The plant meets the increasing demand for desalinated water in the regions of Asir and Jazan

  
Image used for illustrative purposes. Sea water is forced through filters in the Reverse Osmosis building at the Carlsbad Desalination plant in Carlsbad, California, December 14, 2015.

Image used for illustrative purposes. Sea water is forced through filters in the Reverse Osmosis building at the Carlsbad Desalination plant in Carlsbad, California, December 14, 2015.

REUTERS/Earnie Grafton



RIYADH — The Al-Shaqeeq Desalination Plant has become operational and is now feeding 42,500 cubic meters of desalinated water per day to Asir and Jazan.

The recently inaugurated mega development project of the Saline Water Conversion Corporation (SWCC) aims to support its diverse resources and enhance its production capabilities.

The groundwork of the Al-Shaqeeq project was laid in December last year. Completed in only six months, the plant became operational in record time and well ahead of the specified period. In fact, the project was completed in one-third of the specified time.

“Al-Shaqeeq” is one of nine new plants with modern technologies set up on the Red Sea coast designed to meet the needs of various regions and cities of the Kingdom, within the ambit of its sustainable water development, and its persistent plans to achieve the goals of the Kingdom’s Vision 2030. It as a pioneering industrial entity in the desalination industry, and an effective contributor to the national economy and comprehensive development, Saudi Press Agency (SPA) said Tuesday.

The new desalination plant operates is based on the Reverse Osmosis (RO) technology, with a production capacity of 42,500 cubic meters of desalinated water per day. It meets the increasing demand for desalinated water in the regions of Asir and Jazan.

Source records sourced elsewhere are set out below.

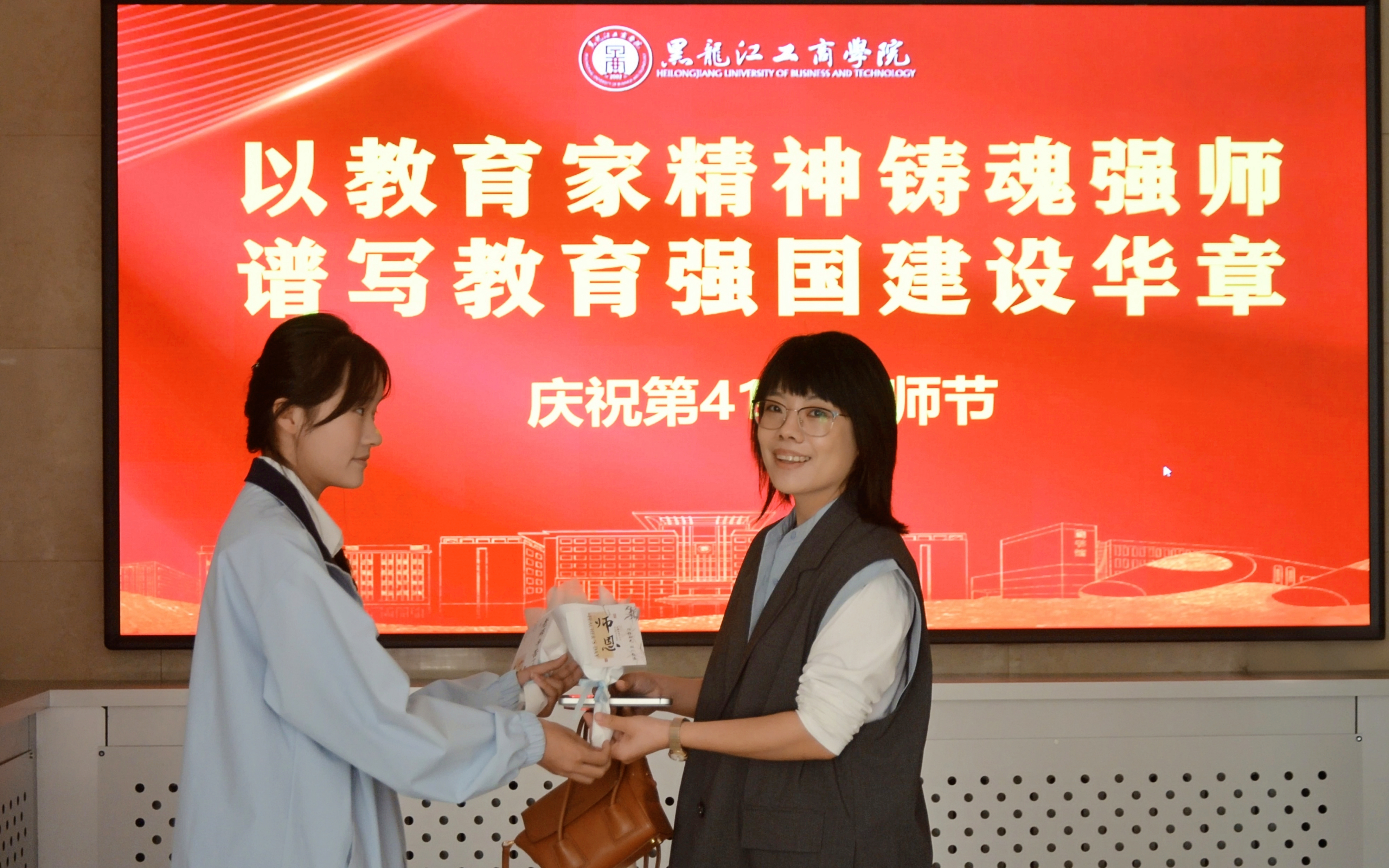 在第41个教师节到来之际,黑龙江工商学院的校园里,处处流淌着温馨和敬意。学校以“以教育家精神铸魂强师,谱写教育强国建设华章”为主题,举行了一系列有深度、有温度、有情怀的庆祝活动,向每一位辛勤耕耘的教职工,致以最深情的节日问候。
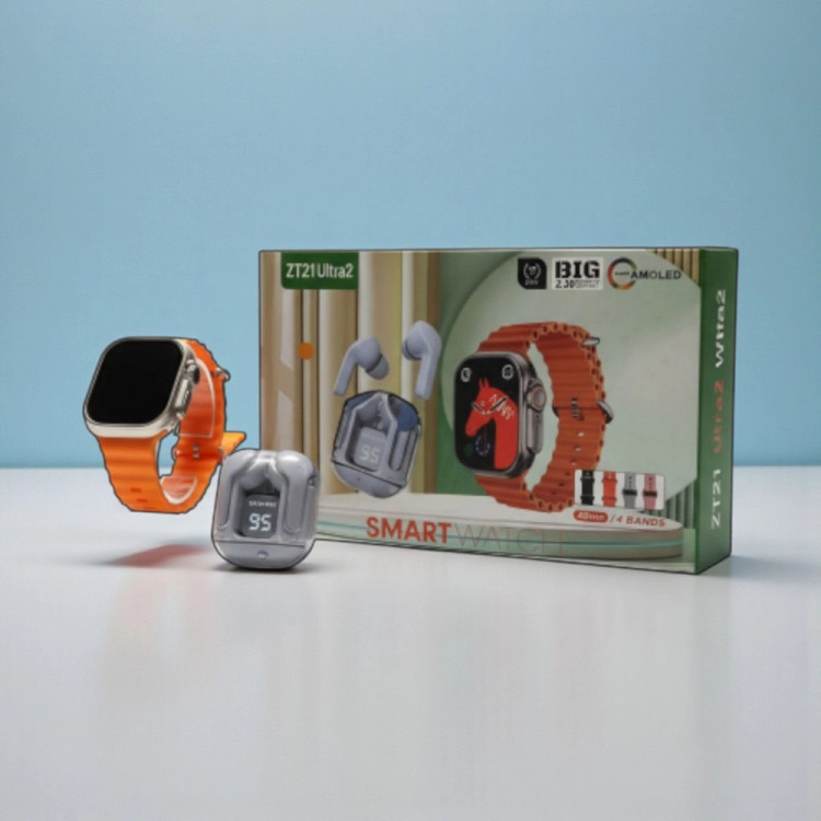 ساعت هوشمند مدل ZT21 ULTRA2 به همراه ایرپاد شیشه ای و 4 عدد بند
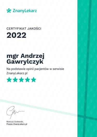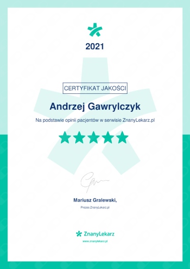 Jak Andrzej Gawrylczyk umawia wizyty?Andrzej Gawrylczyk używa kalendarza ZnanyLekarz, dlatego na stronie widzisz aktualne terminy. Wystarczy, że wybierzesz datę i godzinę, które odpowiadają Ci najbardziej. Umawianie wizyty jest darmowe, a tuż przed terminem wyślemy Ci przypomnienie.
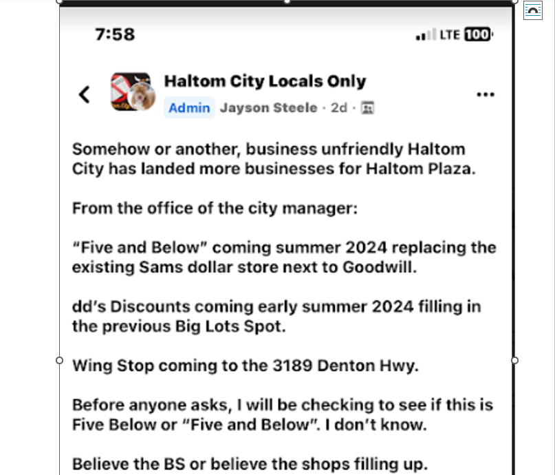 HALTOM CITY, TX, July 09, 2024 /24-7PressRelease/ -- In a recent post on Facebook, Haltom City employee Jayson Steele reported on new businesses coming to Haltom City. In that post, he stated that Sam's Dollar Store next to Goodwill had gone out of business as had Big Lots.
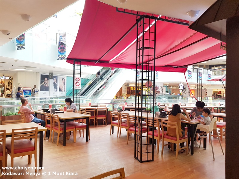 Kodawari Menya doesn’t occupy a proper shoplot but kind of a kiosk located on level 1, diagonally opposite my used to be favourite ramen joint (now it has rebranded and I have yet to try). Simple light wooden furniture were placed neatly under red canopies and seating was rather ample.
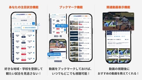 自分の好きな地域や高校を登録出来る「あなたの注目試合機能」や、観たい動画を後からでも視聴出来る「ブックマーク機能」、試合終わりにおすすめの動画を教えてくれる「関連動画表示機能」を新搭載しました。自分好みにカスタマイズすることで、多くの試合が同時配信されるなかでも、球児たちの勇姿を見逃さず、いつでもどこでも高校野球の魅力を堪能することが出来ます。
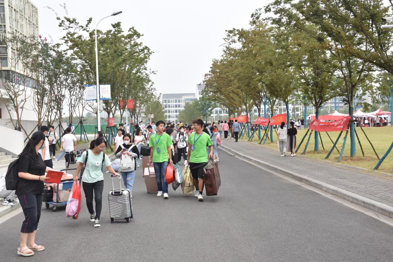 本网讯秋风送爽,丹桂飘香,又是一年开学季。2021年9月4号,合肥师范学院喜迎2021级新生报到。为确保pp电子游戏平台网站迎新工作高效有序开展,学院党委成立迎新工作领导小组,召开专门会议周密布置,全力配合做好新生接待及后勤保障工作。
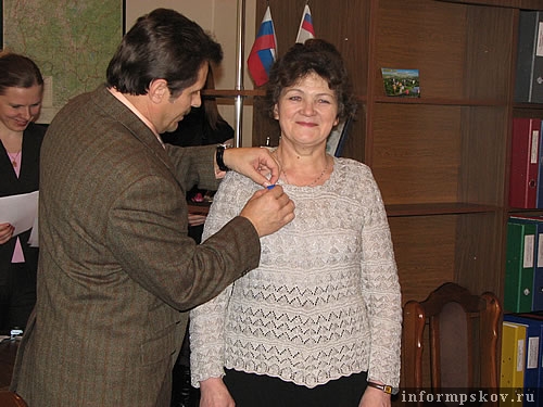 На фото: Владимир Жолудев награждает Нину Горшкову.
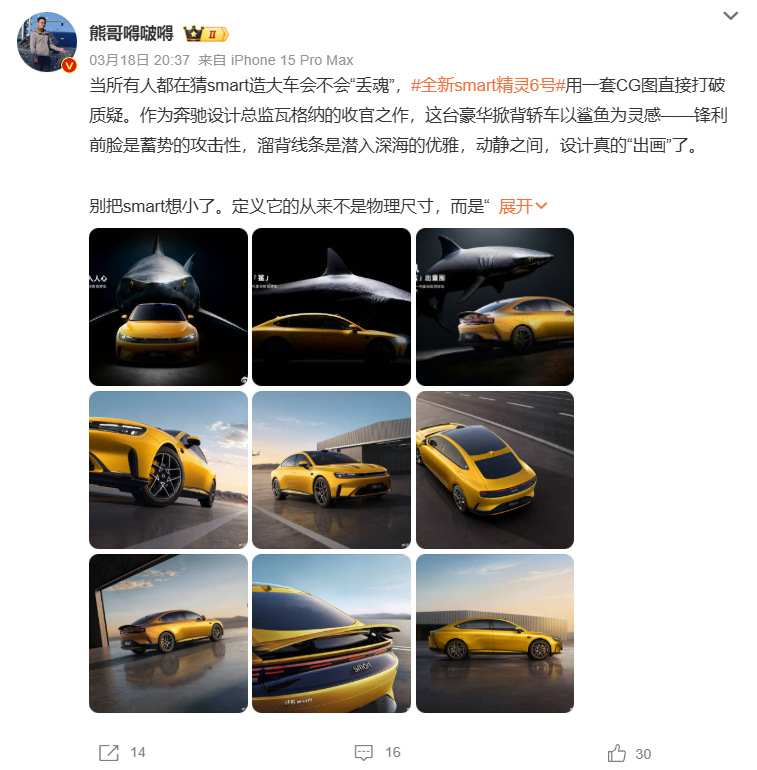 In the motor era, large vehicles are no longer a burden but a symbol of efficiency and the foundation for higher gross margins. Even smart, known for its preference for small-sized models, has released CG images of larger vehicles, sparking widespread sharing among bloggers.

This is in addition to achieving a new record in the low consumption of electricity at the rate of 3 KW/cubic meter, which is a record figure for desalination plants operating with Reverse Osmosis (RO) technology. It demonstrates the superb ability of desalination to utilize the scientific research and its applications to upgrade production units, energy efficiency, and development of desalination plants.

The SWCC has replaced the marine filtering system with a self-filtering system as it uses the ‘Variable Speed Motors’ technology in all engines operating in the project. Also. it is using high-quality water analysis equipment and devices for measuring the Silt Density Index (SDI) automatically, and linking it to the distribution control system.